Goal of the exercise: Range to output from the entries below: the line containing "Точки А и А1" through the line containing "12일 김천을 방문했다.". Set it down exactly, ends included, nothing else.

Data shown:
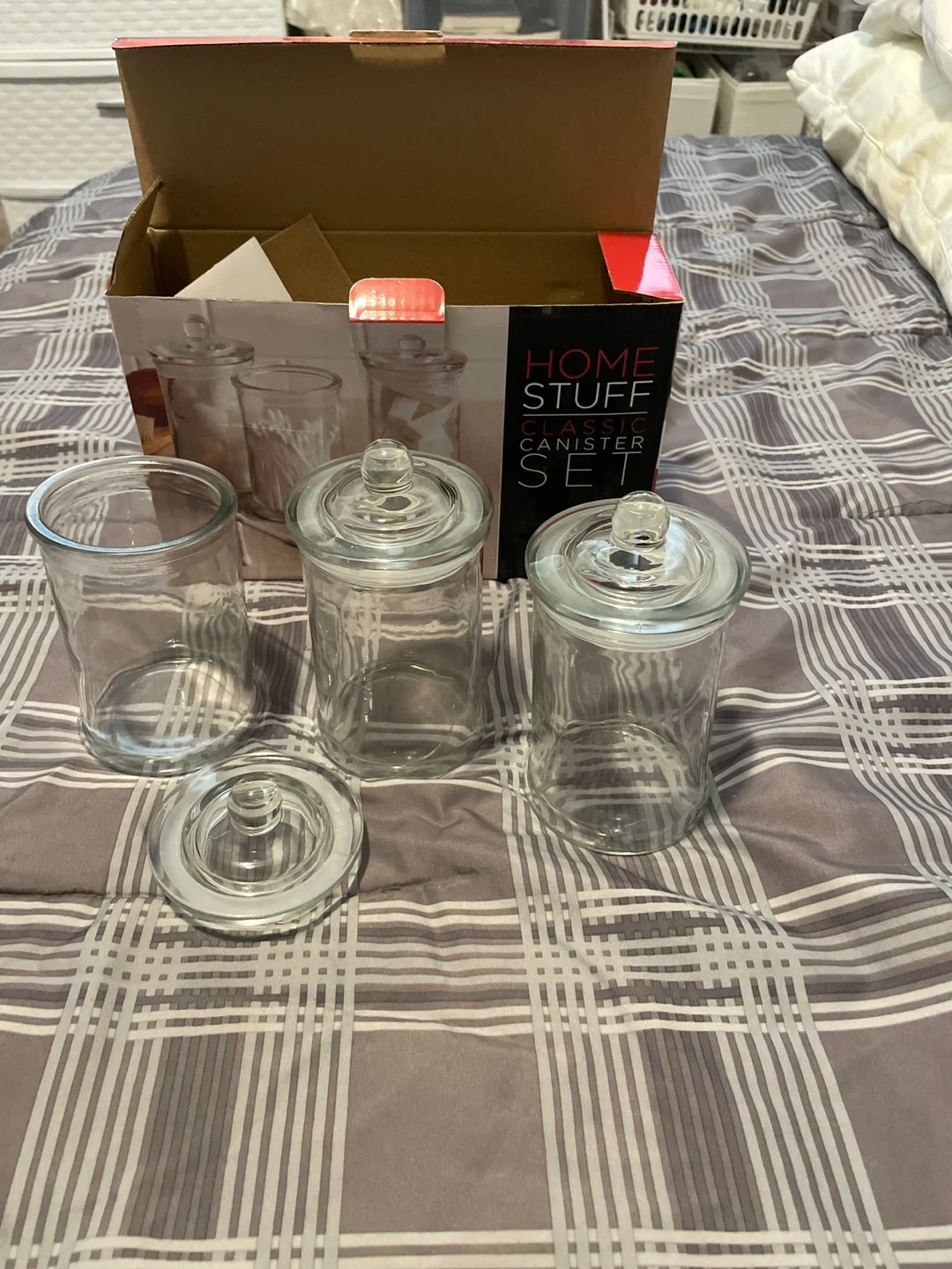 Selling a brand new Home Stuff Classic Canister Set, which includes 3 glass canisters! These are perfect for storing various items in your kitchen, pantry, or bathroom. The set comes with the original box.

...

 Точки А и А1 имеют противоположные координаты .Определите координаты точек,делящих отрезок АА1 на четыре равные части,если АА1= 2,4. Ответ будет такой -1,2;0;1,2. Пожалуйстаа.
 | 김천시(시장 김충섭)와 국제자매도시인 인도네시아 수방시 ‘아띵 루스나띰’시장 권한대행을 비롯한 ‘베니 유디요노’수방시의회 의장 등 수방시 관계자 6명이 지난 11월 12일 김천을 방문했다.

---

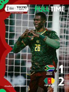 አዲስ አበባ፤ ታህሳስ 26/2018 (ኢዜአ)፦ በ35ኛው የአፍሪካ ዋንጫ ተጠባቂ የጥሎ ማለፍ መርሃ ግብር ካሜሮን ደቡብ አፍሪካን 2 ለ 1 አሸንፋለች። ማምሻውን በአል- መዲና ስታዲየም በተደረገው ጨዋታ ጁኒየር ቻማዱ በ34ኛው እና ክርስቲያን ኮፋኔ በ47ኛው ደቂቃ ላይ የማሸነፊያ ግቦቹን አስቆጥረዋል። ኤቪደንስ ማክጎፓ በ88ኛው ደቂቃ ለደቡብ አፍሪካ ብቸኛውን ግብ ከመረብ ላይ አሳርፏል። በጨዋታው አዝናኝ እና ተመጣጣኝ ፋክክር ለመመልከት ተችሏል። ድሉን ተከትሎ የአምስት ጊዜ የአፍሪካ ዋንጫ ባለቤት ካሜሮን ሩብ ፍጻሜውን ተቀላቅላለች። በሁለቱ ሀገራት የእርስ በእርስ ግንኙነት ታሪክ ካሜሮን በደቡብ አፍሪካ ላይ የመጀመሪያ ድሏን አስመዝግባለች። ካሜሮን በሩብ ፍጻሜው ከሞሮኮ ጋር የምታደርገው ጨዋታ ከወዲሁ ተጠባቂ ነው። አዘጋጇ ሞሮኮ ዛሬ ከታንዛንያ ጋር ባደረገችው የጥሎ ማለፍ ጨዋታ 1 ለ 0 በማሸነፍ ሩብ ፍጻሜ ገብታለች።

Result of this exercise:
 Точки А и А1 имеют противоположные координаты .Определите координаты точек,делящих отрезок АА1 на четыре равные части,если АА1= 2,4. Ответ будет такой -1,2;0;1,2. Пожалуйстаа.
 | 김천시(시장 김충섭)와 국제자매도시인 인도네시아 수방시 ‘아띵 루스나띰’시장 권한대행을 비롯한 ‘베니 유디요노’수방시의회 의장 등 수방시 관계자 6명이 지난 11월 12일 김천을 방문했다.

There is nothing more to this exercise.